Book Talk | Irvin Ibargüen | Caught in the Current: Mexico’s Struggle to Regulate Emigration, 1940–1980
Join the Institute for Public Knowledge on Wednesday, February 4 (5:30-7:00 PM) for an event with Irvin Ibargüen. He will discuss his book, Caught in the Current: Mexico’s Struggle to Regulate Emigration, 1940–1980, with Cristina Beltran and Natasha Iskander.
Irvin Ibarguen is an assistant professor of history at NYU, focused on Latino migrations. His book, Caught in the Current: Mexico’s Struggle to Regulate Emigration, 1940–1980 is a pioneering analysis of Mexico’s efforts to curb the outflow of its citizens to the United States. It spotlights the miscalculation of Mexican authorities, who believed they could restrain migration at will—particularly when it provoked social chaos, drained the domestic labor pool, or produced egregious cases of migrant abuse. Mexico’s counter-migratory policies, both those based on coercion and incentives, repeatedly collapsed. Mexican migrants resisted restrictions, U.S. authorities refused to cooperate, and Mexican officials ultimately lacked resolve. As the migration swelled, it slipped beyond Mexico’s control. What was once seen as a looming source of disorder, depletion, and disgrace became naturalized as an irreversible fact of national life.

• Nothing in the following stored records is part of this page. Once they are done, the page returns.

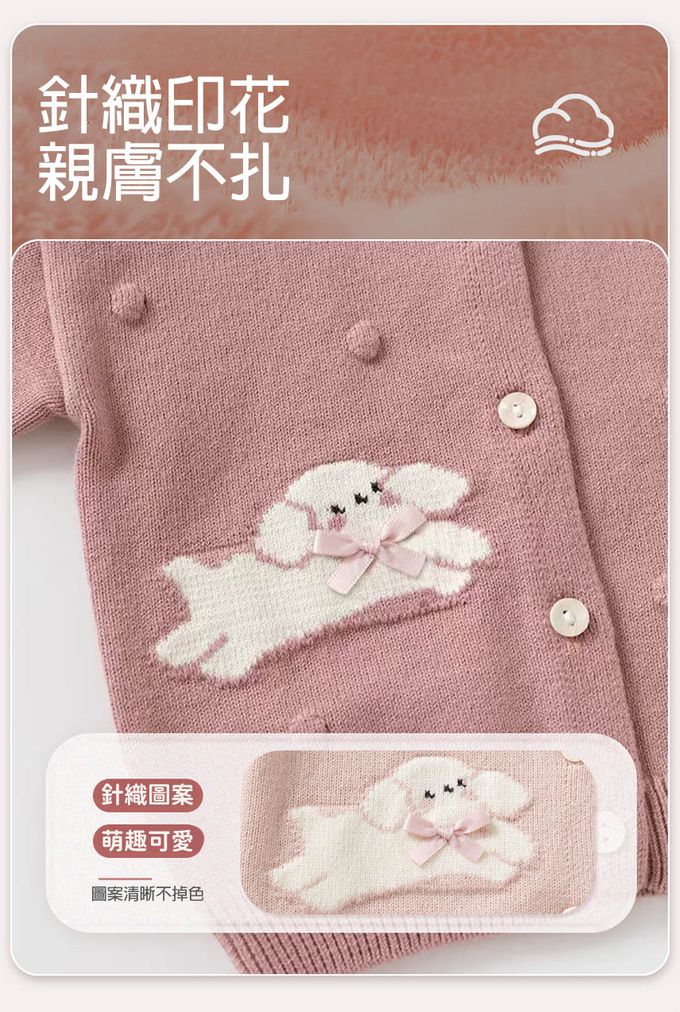 舒適圓領針織排釦外套-蝴蝶結小狗-粉色
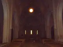 Inside, the church consists of a main nave with three bays covered with a pointed barrel vault, and two side aisles. The arches supporting the vault rest upon half-columns, which rest upon carefully carved stone bases about two meters halfway up the walls of the nave.
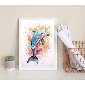 Quadro decorativo golfinho colorido- aquarela 24x18cm - com vidro Moldura: madeira branca Informações do produto tire todas as suas dúvidas no descritivo abaixo: decoração para quarto, sala, cozinha, escritório, área gourmet e muito mais. Chega de paredes vazias medidas - cada peça tem 24x18cm a5 . Material do papel - papel fotográfico brilhante de altíssima resolução acabamento - todos os quadros são acompanhados de vidro para proteção da imagem. - moldura em madeira maciça na cor preta ou branca conforme produto escolhido e pendurador . - os quadros são embalados de forma segura com plástico bolha com camada dupla de acordo com o tamanho dos quadros. Garantia - garantia de 3 meses. Meu quadro chegou. Como posso fixá-lo Você precisa apenas de um martelo e um prego, pois os quadros já vão acompanhados de penduradores. Esta é a forma mais indicada. Como posso limpar meu quadro A limpeza é feita como um móvel comum da sua casa. Apenas um pano seco ou espanador são suficientes para tal
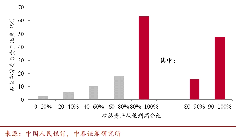 根据央行调查结果,我国2019年总资产前20%居民占有总资产的63%,而后20%居民仅占2.6%。

Cristina Beltrán, Ph.D., works at the intersection of Latinx politics and political theory. She is an associate professor in the Department of Social and Cultural Analysis. She is the author of Cruelty as Citizenship: How Migrant Suffering Sustains White Democracy (University of Minnesota Press, 2020) and The Trouble with Unity: Latino Politics and the Creation of Identity (Oxford University Press, 2010). From 2019-2024 she was co-editor of the journal Theory & Event. Her next book, Racial Sensations: Essays on Latinos and the Multiracial Politics of Conservatism is forthcoming with Oxford University Press.
Natasha N. Iskander is the James Weldon Johnson Professor of Urban Planning and Public Service at the Robert F. Wagner School of Public Service, New York University where she conducts research on the relationship between migration and economic development. She looks at the ways that immigration and the movement of people across borders can provide the basis for the creation of new knowledge and of new pathways for political change. She has published widely on these questions, looking specifically at immigration, skill, economic development, infrastructure, and worker rights, with more than 40 articles and book chapters on these topics. Her first book, Creative State: Forty Years of Migration and Development Policy in Morocco and Mexico (Cornell University Press, ILR imprint, 2010), looked at the ways that migrant workers transformed the economic development policies of their countries of origin. It received the International Studies Association – Distinguished Book Award in Ethnicity, Nationalism and Migration Track and was a Social Science Research Council—Featured Publication. Her most recent book, Does Skill Make Us Human?: Migrant Workers in 21st Century Qatar and Beyond (Princeton University Press, 2021), examines the use of skill categories to define political personhood, in ways that have become increasingly salient with the hardening borders and the pressures of climate change. It received the 2022 American Sociological Association — Sociology of Development Best Book Award, the 2022 American Sociological Association — Labor and Labor Movements Best Book Award, and the 2022 American Collegiate Schools of Planning John Friedmann Book Award. Her current project focuses on concrete — the second most used substance on the planet (second only to water) and responsible for close to a tenth of all carbon dioxide emissions globally — as a material lens to examine the relationship between climate change, migration, urbanization, and the future of work.